Let's use the same two data points as before - a house with 1000 square feet sold for $300,000 and a house with 2000 square feet sold for $500,000.

| Size (1000 sqft)     | Price (1000s of dollars) |
| ----------------| ------------------------ |
| 1               | 300                      |
| 2               | 500                      |


<a name="toc_40291_2.1"></a>
## Gradient descent summary
So far in this course, you have developed a linear model that predicts $f_{w,b}(x^{(i)})$:
$$f_{w,b}(x^{(i)}) = wx^{(i)} + b \tag{1}$$
In linear regression, you utilize input training data to fit the parameters $w$,$b$ by minimizing a measure of the error between our predictions $f_{w,b}(x^{(i)})$ and the actual data $y^{(i)}$. The measure is called the $cost$, $J(w,b)$. In training you measure the cost over all of our training samples $x^{(i)},y^{(i)}$
$$J(w,b) = \frac{1}{2m} \sum\limits_{i = 0}^{m-1} (f_{w,b}(x^{(i)}) - y^{(i)})^2\tag{2}$$ 


In lecture, *gradient descent* was described as:

$$\begin{align*} \text{repeat}&\text{ until convergence:} \; \lbrace \newline
\;  w &= w -  \alpha \frac{\partial J(w,b)}{\partial w} \tag{3}  \; \newline 
 b &= b -  \alpha \frac{\partial J(w,b)}{\partial b}  \newline \rbrace
\end{align*}$$
where, parameters $w$, $b$ are updated simultaneously.  
The gradient is defined as:
$$
\begin{align}
\frac{\partial J(w,b)}{\partial w}  &= \frac{1}{m} \sum\limits_{i = 0}^{m-1} (f_{w,b}(x^{(i)}) - y^{(i)})x^{(i)} \tag{4}\\
  \frac{\partial J(w,b)}{\partial b}  &= \frac{1}{m} \sum\limits_{i = 0}^{m-1} (f_{w,b}(x^{(i)}) - y^{(i)}) \tag{5}\\
\end{align}
$$

Here *simultaniously* means that you calculate the partial derivatives for all the parameters before updating any of the parameters.

In [1]:
import numpy as np

In [2]:
x_train = np.array([1.0, 2.0])
y_train = np.array([300.0, 500.0])

In [5]:
def compute_cost(x, y, w, b):
  """
  Computes the cost 
  """
  m = x_train.shape[0]
  cost = 0

  for i in range(m):
    f_wb = w * x[i] + b
    cost = cost + (f_wb - y[i]) ** 2

  total_cost = 1 / (2 * m) * cost

  return total_cost

In [6]:
def compute_gradient(x, y, w, b): 
    """
    Computes the gradient for linear regression 
    Args:
      x (ndarray (m,)): Data, m examples 
      y (ndarray (m,)): target values
      w,b (scalar)    : model parameters  
    Returns
      dj_dw (scalar): The gradient of the cost w.r.t. the parameters w
      dj_db (scalar): The gradient of the cost w.r.t. the parameter b     
     """
    
    # Number of training examples
    m = x.shape[0]    
    dj_dw = 0
    dj_db = 0
    
    for i in range(m):  
        f_wb = w * x[i] + b 
        dj_dw_i = (f_wb - y[i]) * x[i] 
        dj_db_i = f_wb - y[i] 
        dj_db += dj_db_i
        dj_dw += dj_dw_i 
    dj_dw = dj_dw / m 
    dj_db = dj_db / m 
        
    return dj_dw, dj_db

In [8]:
def gradient_descent(x, y, w_in, b_in, alpha, num_iters, cost_function, gradient_function):
  """
  Performs gradient descent to fit w,b.

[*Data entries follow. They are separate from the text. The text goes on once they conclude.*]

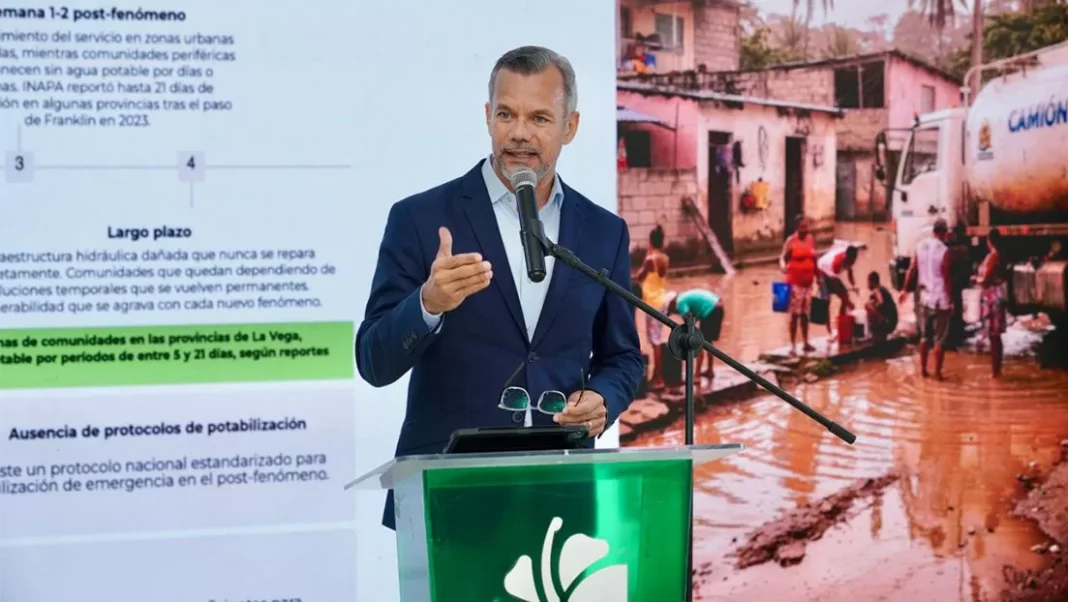 Uno de los impactos más críticos y menos atendidos, de los fenómenos atmosféricos es la contaminación y pérdida del suministro de agua potable. Cada tormenta significativa interrumpe el acceso al agua en decenas de comunidades: durante la tormenta: contaminación de fuentes por sedimentos y aguas residuales; colapso de plantas potabilizadoras y sistemas de bombeo del INAPA.Primeras 48 horas: distribución improvisada sin protocolos sanitarios; riesgo elevado de leptospirosis, enfermedades diarreicas y cólera.Semana 1–2: restablecimiento en zonas privilegiadas mientras comunidades periféricas permanecen sin agua. El INAPA reportó hasta 21 días de interrupción en algunas provincias tras Franklin (2023).
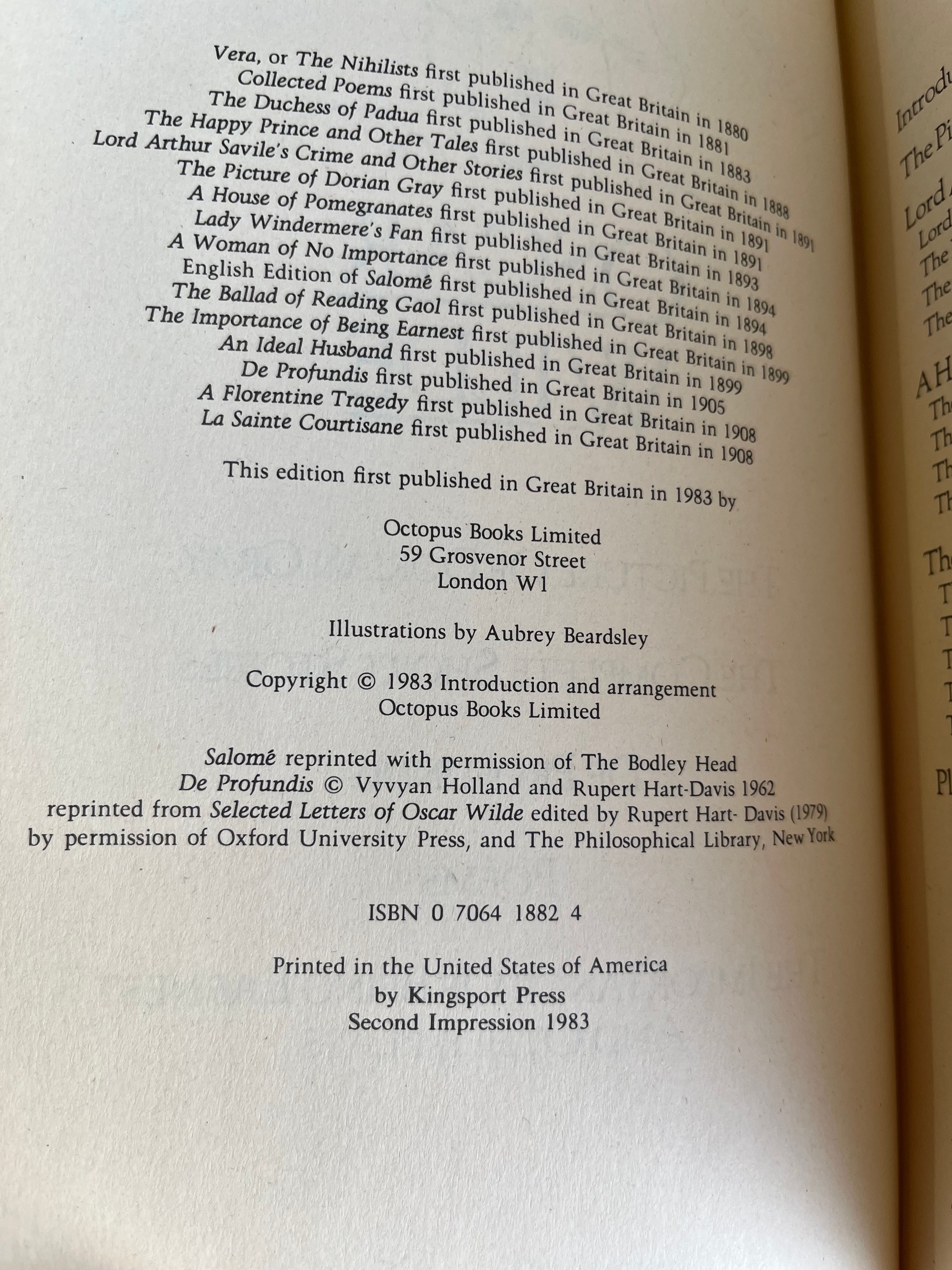 Oscar Wilde compilation book by Octopus. First edition second impression 1983. ISBN 0 7064 1882 4
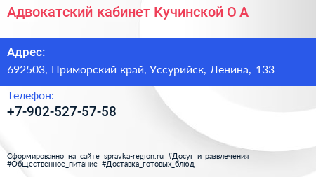 Адвокатский кабинет Кучинской О.А. по адресу 692503, Приморский край, Уссурийск, Ленина, 133 в дальнейшем Организация, размещена в следующих категориях:

Updates w,b by taking 
  num_iters gradient steps with learning rate alpha

  Args:
    x (ndarray (m,))  : Data, m examples 
    y (ndarray (m,))  : target values
    w_in,b_in (scalar): initial values of model parameters  
    alpha (float):     Learning rate
    num_iters (int):   number of iterations to run gradient descent
    cost_function:     function to call to produce cost
    gradient_function: function to call to produce gradient
    
  Returns:
    w (scalar): Updated value of parameter after running gradient descent
    b (scalar): Updated value of parameter after running gradient descent
    J_history (List): History of cost values
    p_history (list): History of parameters [w,b] 
    """

  b = b_in
  w = w_in

  for i in range(num_iters):
    # Calculate the gradient and update the parameters using gradient_function
    dj_dw, dj_db = gradient_function(x, y, w, b)

    b = b - alpha * dj_db                            
    w = w - alpha * dj_dw 


  return w, b

In [10]:
w_init = 0
b_init = 0
iterations = 10000
alpha = 1.0e-2

w, b = gradient_descent(x_train, y_train, w_init, b_init, alpha, iterations, compute_cost, compute_gradient)

In [11]:
w

199.99285075131766

In [12]:
b

100.011567727362

In [14]:
print(f"1000 sqft house prediction {w*1.0 + b:0.1f} Thousand dollars")
print(f"1200 sqft house prediction {w*1.2 + b:0.1f} Thousand dollars")


1000 sqft house prediction 300.0 Thousand dollars
1200 sqft house prediction 340.0 Thousand dollars